Okay, I'll submit this change in a separate patch.

but then I'd rather have
the check in handle_chunk_size fixed instead - I'd rather be more liberal
when it comes to unknown data in packets.

We already check the packet size in handle_chunk_size, so what do you mean here?

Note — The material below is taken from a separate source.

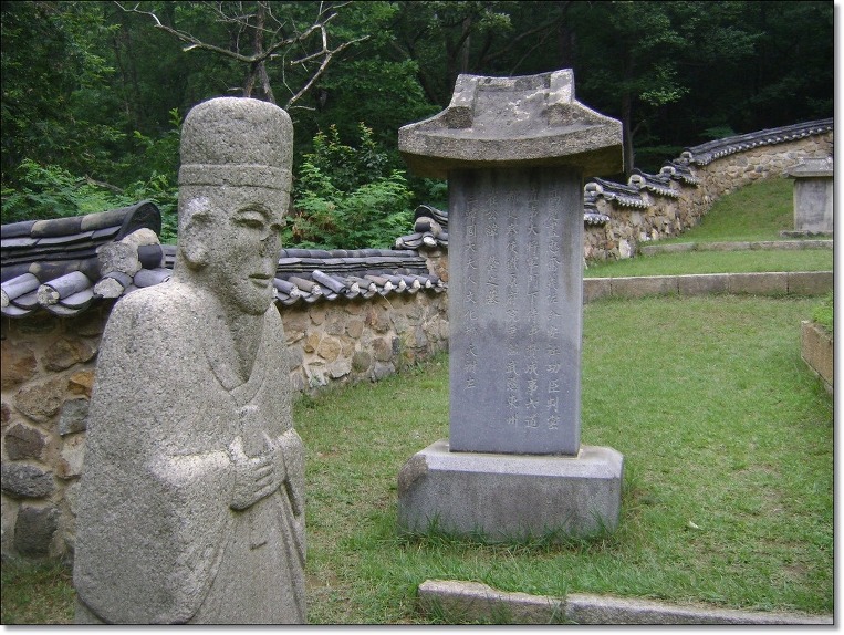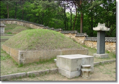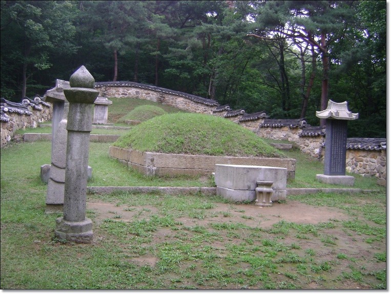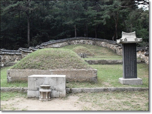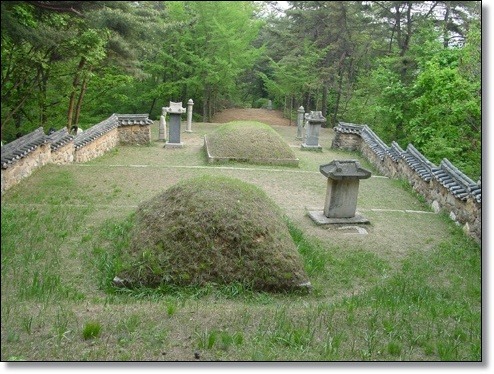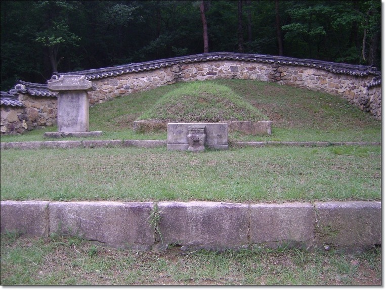 동국여지승람(東國輿地勝覽)에도 " 무덤 위에 지금까지 풀이 나지 않는다. (至今塚上不生草) "라고 기록되어 있어 조선 중기까지 붉은 무덤이었슴을 알 수 있다. 지금 잔디가 그의 묘소를 덮고 있는 것은 조선왕조가 亡한 뒤 그의 후손들이 묘소를 단장하면서 새 잔디를 입혔기 때문이다. 이 후손은 유명한 역사학자이며 독립운동가인 최남선의 부친 최헌규가 1928년 묘를 새로 단장하였다.
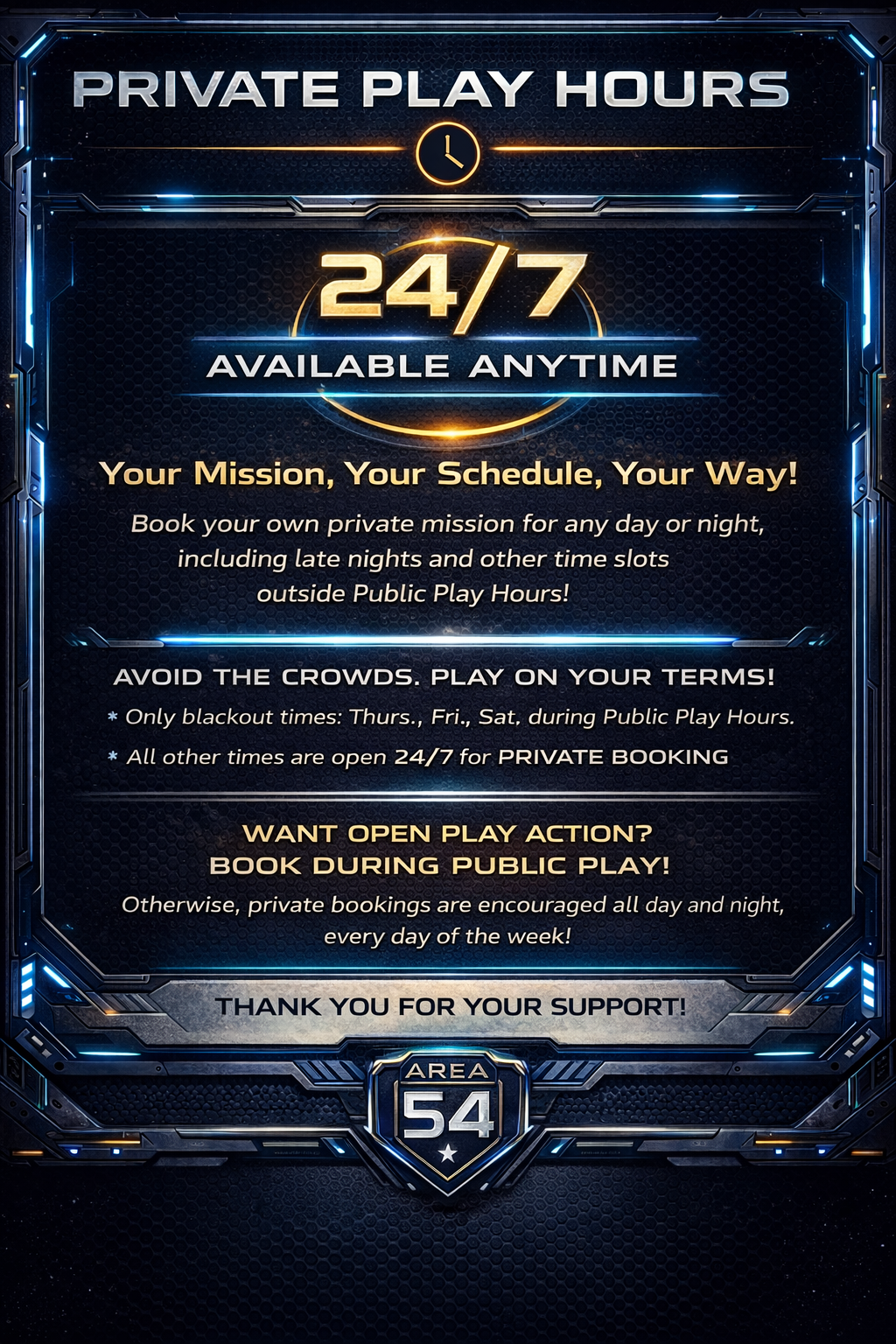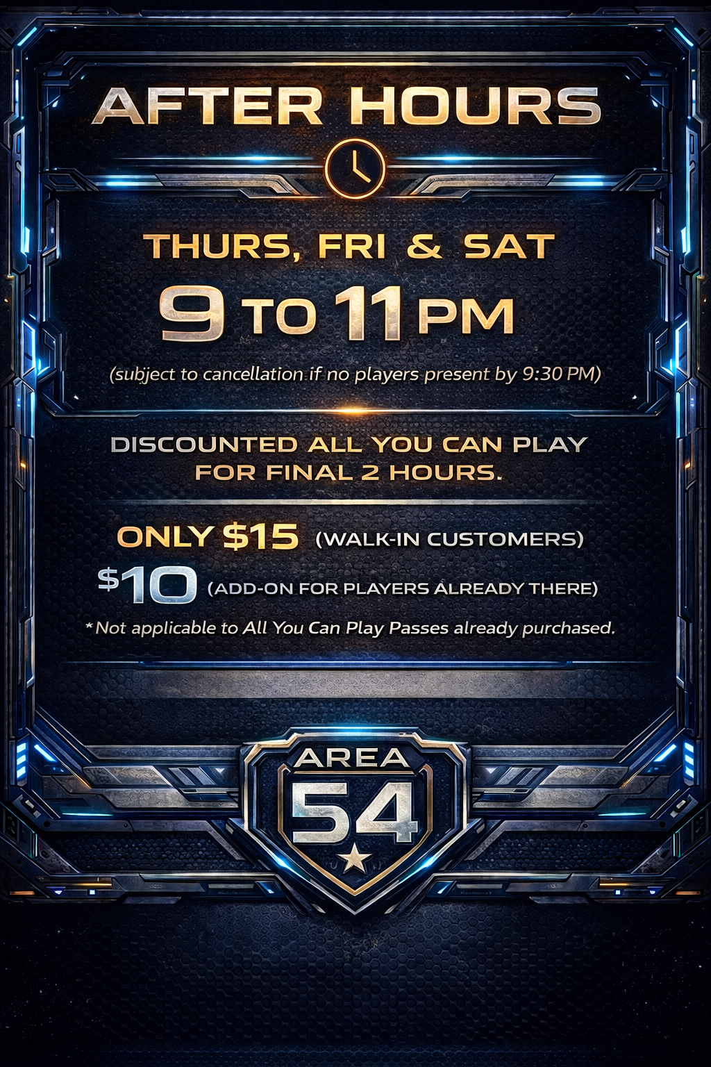 AREA 54 Gift Certificates are now available to be purchased with the following options: Free Gameplay Sessions (1 Session, 2 Sessions, or 4 Sessions) and Cash Value Equivalent ($50, $100, $150).

Yes, please read again. Or in Simple English:

In handle_chunk_size we check data_size != 4, in handle_client_bw we check data_size < 4. Making these two consistent would be good. Then we should choose to use either < or != at both places. You tried to change it to != at both places. I prefer having < instead, since that allows having more unknown data at the end of the packet without failing, which is being liberal about what we accept.